View from the people - Brian Bentley
The history of LFC is not my strong point, having usually been half pissed when standing on The Kop and finding out, at the age of 16, that my bladder could only just hold three pints until half time (that was against Southampton), but I can compete with the best of them in the ‘I was there’ stakes. I’m not necessarily talking about St Etienne 1977 but the more obscure memories like Iztvan Kozma’s one and only corner kick, Graeme Souness laying out Tommy Booth, Bruce Grobbelaar kissing Tommy Caton or even Ray Clemence scoring against Tranmere Rovers.
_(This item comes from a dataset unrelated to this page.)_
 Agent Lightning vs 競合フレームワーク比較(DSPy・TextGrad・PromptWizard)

Where you there when Phil Babb split his knackers on the post against Chelsea? From my permanent spot on The Kop – my feet level with the angle of crossbar and post (to the keeper’s left hand), I have witnessed 30 years of triumph mixed with a liberal sprinkling of shite. From Larry Lloyd, Peter Cormack and Bamber Hall through David Hodgson, Fatty Robbo and John Wark to the present day. They all wore red and so did I.
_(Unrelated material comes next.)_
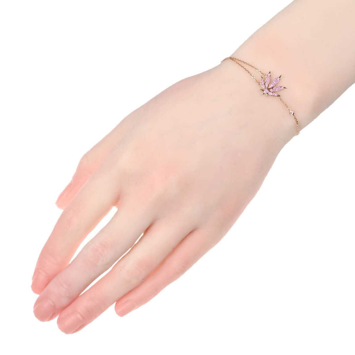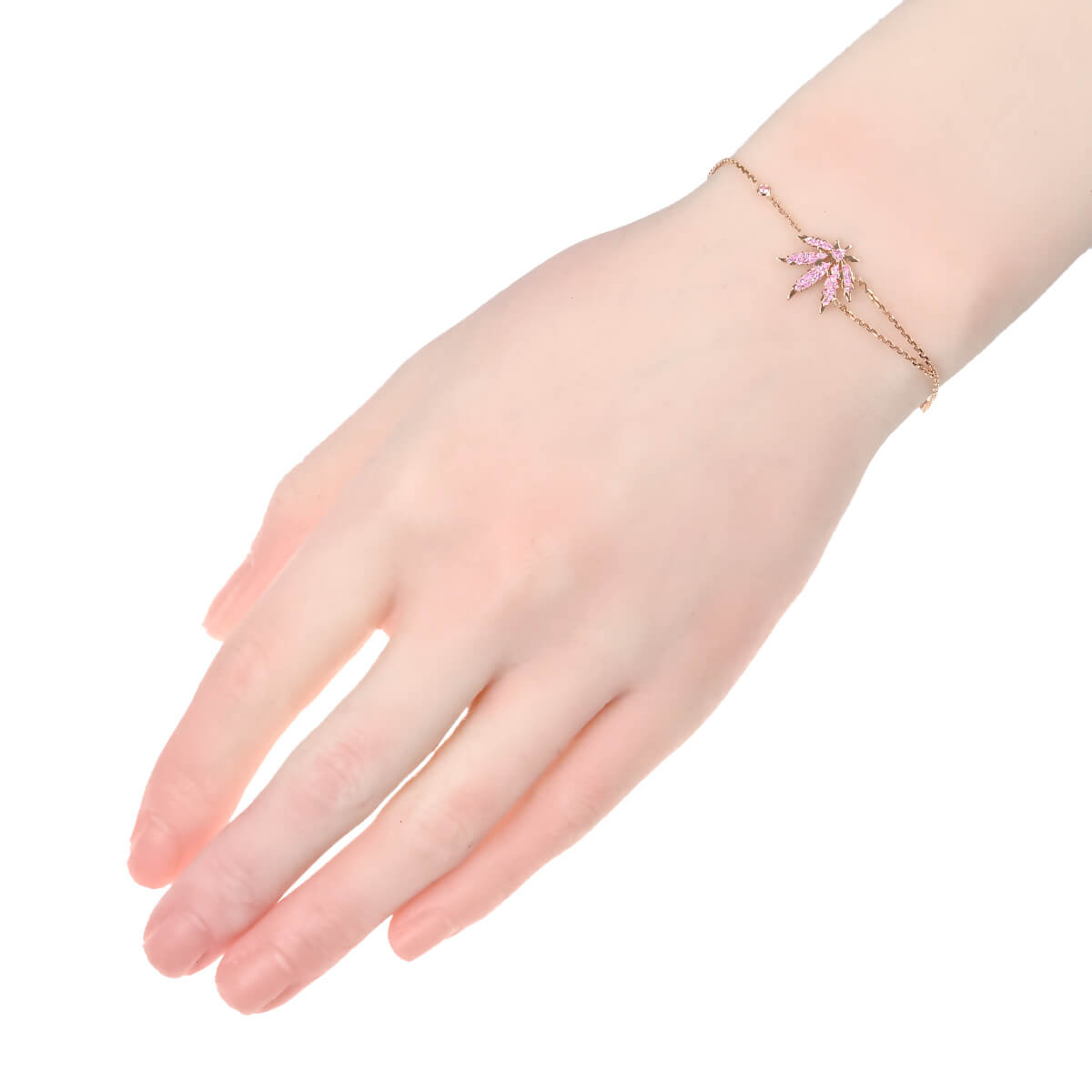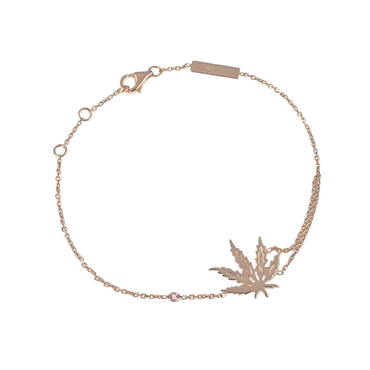 1994年にフランス・パリで誕生した“キング・オブ・カシミア”、“カシミアの王様”として世界を魅了するラグジュアリーブランド『lucien pellat-finet(ルシアン ペラフィネ)』。既存のラグジュアリーの枠にとらわれないクリーンでモダンなストリートのエッセンス、その至高のクオリティと遊び心が受け継がれたジュエリーコレクションは、既存のハイジュエリーとは一線を画す圧倒的な存在感を放ちます。ブランドアイコンのひとつである“リーフ(ヘンプ)”のモチーフに、瑞々しく輝くピンクサファイアをあしらったピンクゴールド製ブレスレット。シャープなラインで描かれたピンクサファイアのきらめきを纏ったリーフが、手首にモダンでエネルギッシュなアクセントを添えてくれます。“最高級の素材を使って、あえてストリートテイストで遊ぶ”という世界観を見事に凝縮し、ペラフィネらしい自由な感性が融合した、ラグジュアリー・ストリートの頂点を極める唯一無二のお洒落なジュエリーです。

If you remember seeing an adrenaline propelled 14 year old running from Anfield to James Street Station, with blood coming from a leg wound, at about 9:30pm on March 16th 1977, please contact your local sports psychologist - for that spotty faced youth was me.
The date should well be embossed onto every true Red’s brain but, if you’re too young, the mention of David Fairclough should be enough.
Fairclough paves the way to European glory in Rome
The day (a Wednesday) had started grimly what with double Physics and a bastard of a Latin test but, brandishing falsified ‘Please excuse my son from games’ documents, Neil Sampson, his brother Kevin, and myself, slipped quietly into Liverpool City Centre. Of course we had managed to get rid of the school clothes and there, waiting for the 26 bus at 2pm behind the Empire, stood three scallies with red and white scarves tied to our wrists.Even at 3pm, over 4 hours before kick-off, the queues to get into The Kop were miles long. We waited. I had a small wooden stool with me, it had been my perch at Anfield since 1970 and also served as a goal at one end of my dad’s garage.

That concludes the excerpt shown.